-- Opening Marker --

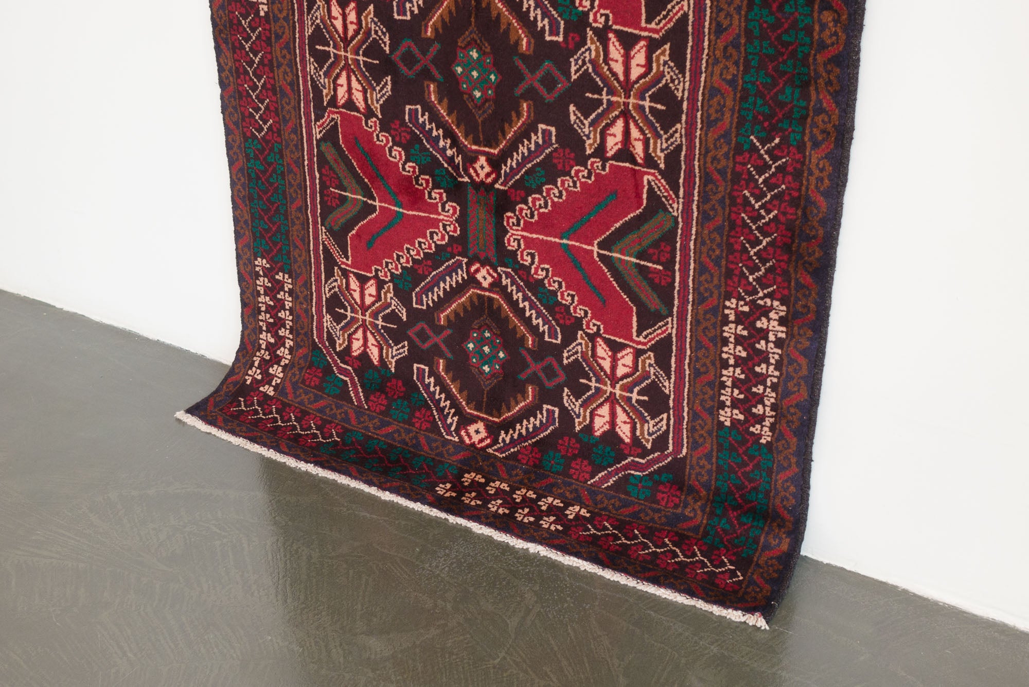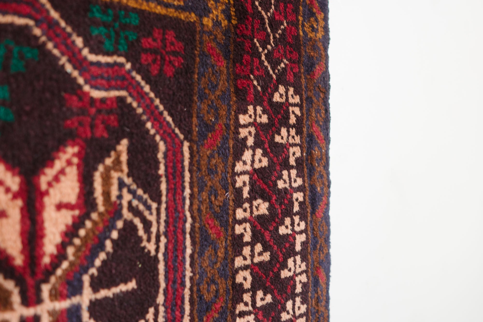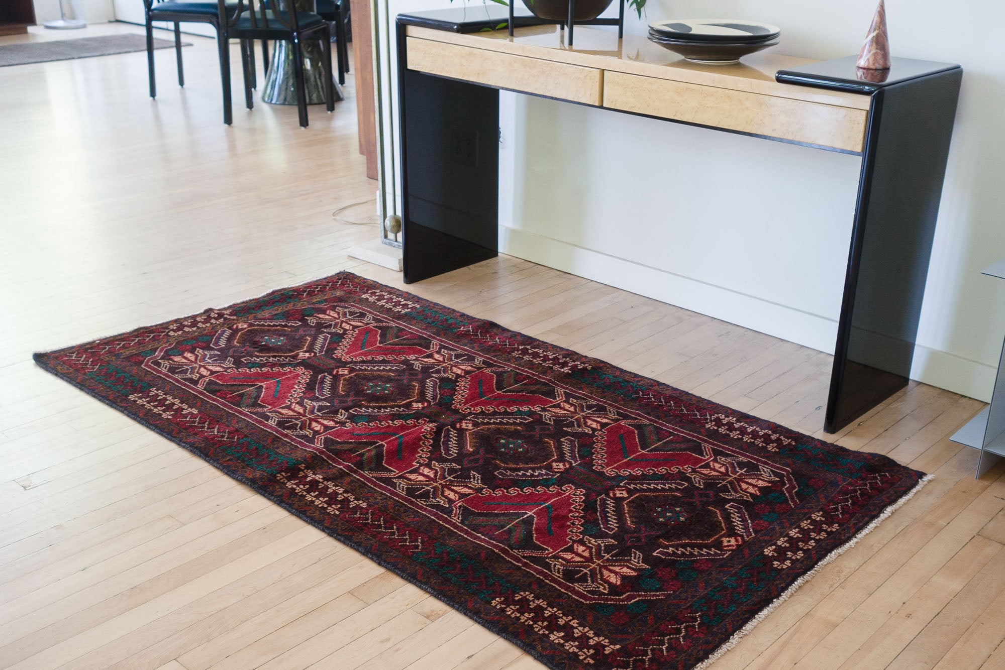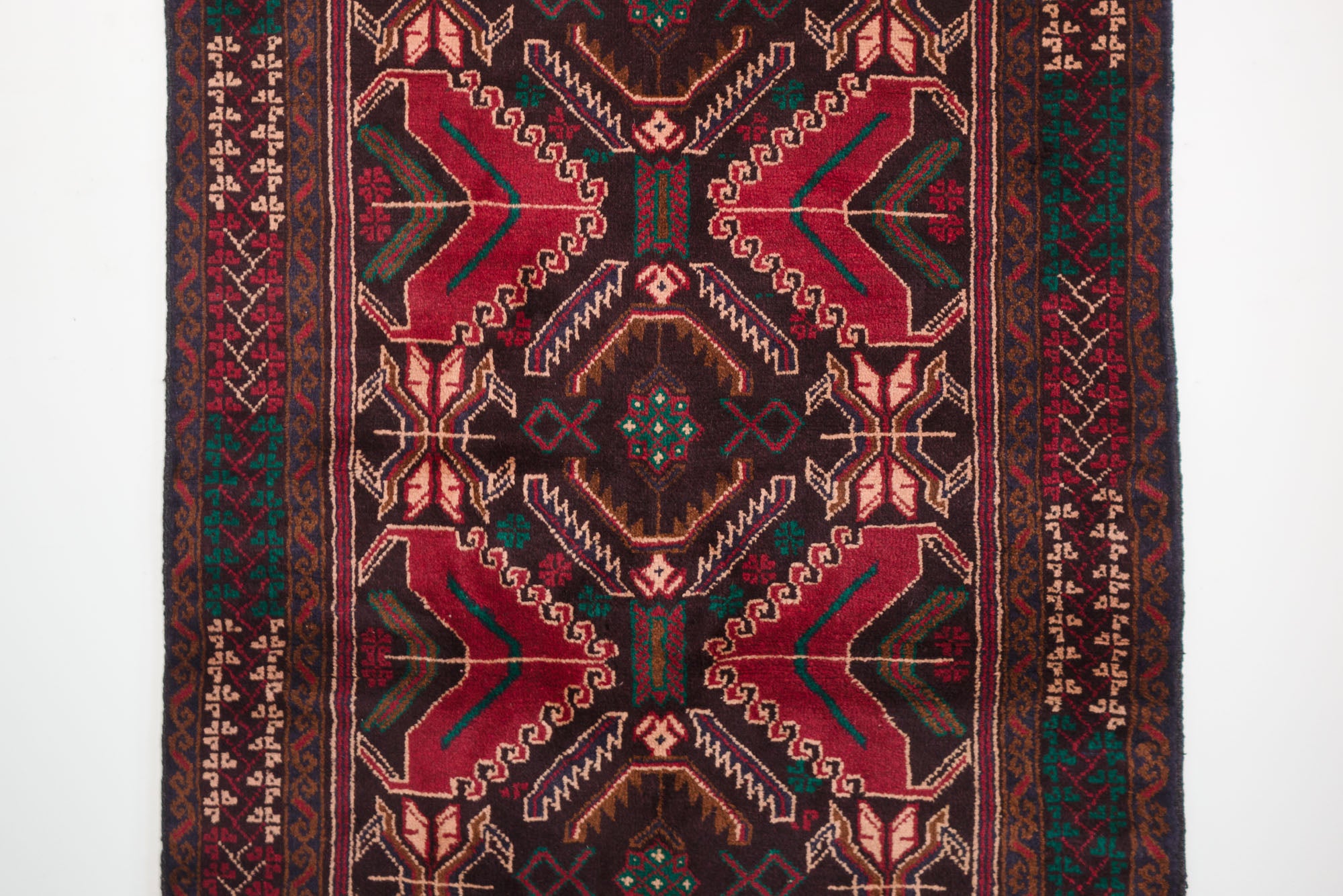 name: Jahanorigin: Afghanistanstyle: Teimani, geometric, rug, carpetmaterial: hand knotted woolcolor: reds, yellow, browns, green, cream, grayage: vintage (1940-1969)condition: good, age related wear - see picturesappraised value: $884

-- Closing Marker --
-- Opening Marker --

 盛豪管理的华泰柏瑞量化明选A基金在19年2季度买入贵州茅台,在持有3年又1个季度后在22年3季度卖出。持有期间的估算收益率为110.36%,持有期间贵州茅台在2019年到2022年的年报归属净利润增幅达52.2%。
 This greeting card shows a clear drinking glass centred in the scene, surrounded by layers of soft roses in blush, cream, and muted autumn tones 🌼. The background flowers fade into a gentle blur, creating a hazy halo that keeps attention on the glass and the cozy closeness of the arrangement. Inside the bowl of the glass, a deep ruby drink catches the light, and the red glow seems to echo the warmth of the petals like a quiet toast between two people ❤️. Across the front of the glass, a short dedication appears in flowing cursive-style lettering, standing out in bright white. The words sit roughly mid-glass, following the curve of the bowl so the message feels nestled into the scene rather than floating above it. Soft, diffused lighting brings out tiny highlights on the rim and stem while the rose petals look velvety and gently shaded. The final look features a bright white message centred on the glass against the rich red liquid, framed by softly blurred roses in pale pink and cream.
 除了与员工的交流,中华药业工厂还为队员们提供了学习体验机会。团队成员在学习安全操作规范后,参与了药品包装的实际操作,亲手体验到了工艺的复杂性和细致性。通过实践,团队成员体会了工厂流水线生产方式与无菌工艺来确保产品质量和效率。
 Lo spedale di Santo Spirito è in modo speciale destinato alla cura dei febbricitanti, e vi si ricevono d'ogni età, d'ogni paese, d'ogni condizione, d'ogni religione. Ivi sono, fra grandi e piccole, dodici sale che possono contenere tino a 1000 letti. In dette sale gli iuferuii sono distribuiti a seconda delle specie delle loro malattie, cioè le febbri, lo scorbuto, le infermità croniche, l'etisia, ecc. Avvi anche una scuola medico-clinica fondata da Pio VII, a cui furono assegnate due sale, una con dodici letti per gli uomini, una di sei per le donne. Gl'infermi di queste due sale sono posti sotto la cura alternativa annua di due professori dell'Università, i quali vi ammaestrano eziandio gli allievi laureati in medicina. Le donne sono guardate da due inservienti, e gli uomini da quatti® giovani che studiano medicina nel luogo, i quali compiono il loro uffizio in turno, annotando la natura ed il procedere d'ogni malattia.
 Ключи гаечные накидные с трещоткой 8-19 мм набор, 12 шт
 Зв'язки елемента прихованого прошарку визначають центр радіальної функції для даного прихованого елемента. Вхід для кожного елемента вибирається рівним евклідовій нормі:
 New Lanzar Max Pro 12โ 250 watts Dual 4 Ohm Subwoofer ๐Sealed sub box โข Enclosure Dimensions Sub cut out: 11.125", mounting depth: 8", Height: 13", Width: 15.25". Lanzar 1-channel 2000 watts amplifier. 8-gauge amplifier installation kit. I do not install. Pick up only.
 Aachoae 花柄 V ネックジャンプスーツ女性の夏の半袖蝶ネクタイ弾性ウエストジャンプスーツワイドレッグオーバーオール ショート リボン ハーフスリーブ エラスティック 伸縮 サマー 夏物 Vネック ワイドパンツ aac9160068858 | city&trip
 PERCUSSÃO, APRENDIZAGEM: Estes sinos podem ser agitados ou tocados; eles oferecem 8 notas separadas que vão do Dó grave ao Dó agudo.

-- Closing Marker --
-- Opening Marker --

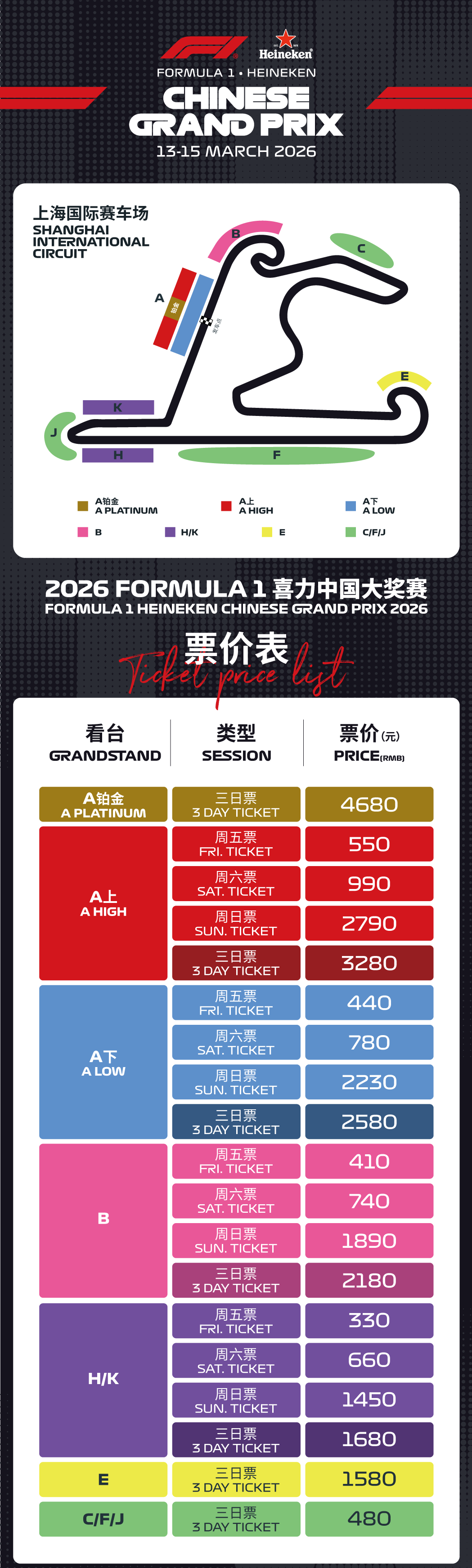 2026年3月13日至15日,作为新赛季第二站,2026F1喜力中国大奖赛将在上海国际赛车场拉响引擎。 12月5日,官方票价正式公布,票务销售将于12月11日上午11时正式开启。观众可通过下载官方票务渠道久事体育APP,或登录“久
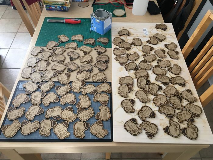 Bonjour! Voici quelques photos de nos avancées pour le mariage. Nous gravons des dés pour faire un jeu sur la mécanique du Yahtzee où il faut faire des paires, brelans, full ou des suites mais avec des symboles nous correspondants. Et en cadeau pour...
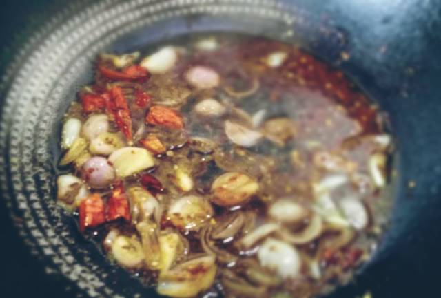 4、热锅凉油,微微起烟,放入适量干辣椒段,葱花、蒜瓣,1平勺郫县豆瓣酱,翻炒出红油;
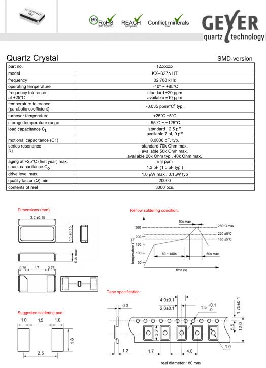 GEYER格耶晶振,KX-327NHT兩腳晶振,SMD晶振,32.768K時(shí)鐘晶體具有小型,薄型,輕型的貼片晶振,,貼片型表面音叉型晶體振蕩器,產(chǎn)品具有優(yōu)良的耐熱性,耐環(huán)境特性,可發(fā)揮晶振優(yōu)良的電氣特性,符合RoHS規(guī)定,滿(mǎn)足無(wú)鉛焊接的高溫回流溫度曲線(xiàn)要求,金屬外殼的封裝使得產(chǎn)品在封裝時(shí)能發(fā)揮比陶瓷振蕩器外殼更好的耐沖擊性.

-- Closing Marker --

INSTRUCTIONS TO FOLLOW
Please copy, exactly and with nothing else, the lines above beginning at the line that has "Ключи гаечные накидные" and ending with the line that has "PERCUSSÃO, APRENDIZAGEM: Estes".

FINISHED EXERCISE
 Ключи гаечные накидные с трещоткой 8-19 мм набор, 12 шт
 Зв'язки елемента прихованого прошарку визначають центр радіальної функції для даного прихованого елемента. Вхід для кожного елемента вибирається рівним евклідовій нормі:
 New Lanzar Max Pro 12โ 250 watts Dual 4 Ohm Subwoofer ๐Sealed sub box โข Enclosure Dimensions Sub cut out: 11.125", mounting depth: 8", Height: 13", Width: 15.25". Lanzar 1-channel 2000 watts amplifier. 8-gauge amplifier installation kit. I do not install. Pick up only.
 Aachoae 花柄 V ネックジャンプスーツ女性の夏の半袖蝶ネクタイ弾性ウエストジャンプスーツワイドレッグオーバーオール ショート リボン ハーフスリーブ エラスティック 伸縮 サマー 夏物 Vネック ワイドパンツ aac9160068858 | city&trip
 PERCUSSÃO, APRENDIZAGEM: Estes sinos podem ser agitados ou tocados; eles oferecem 8 notas separadas que vão do Dó grave ao Dó agudo.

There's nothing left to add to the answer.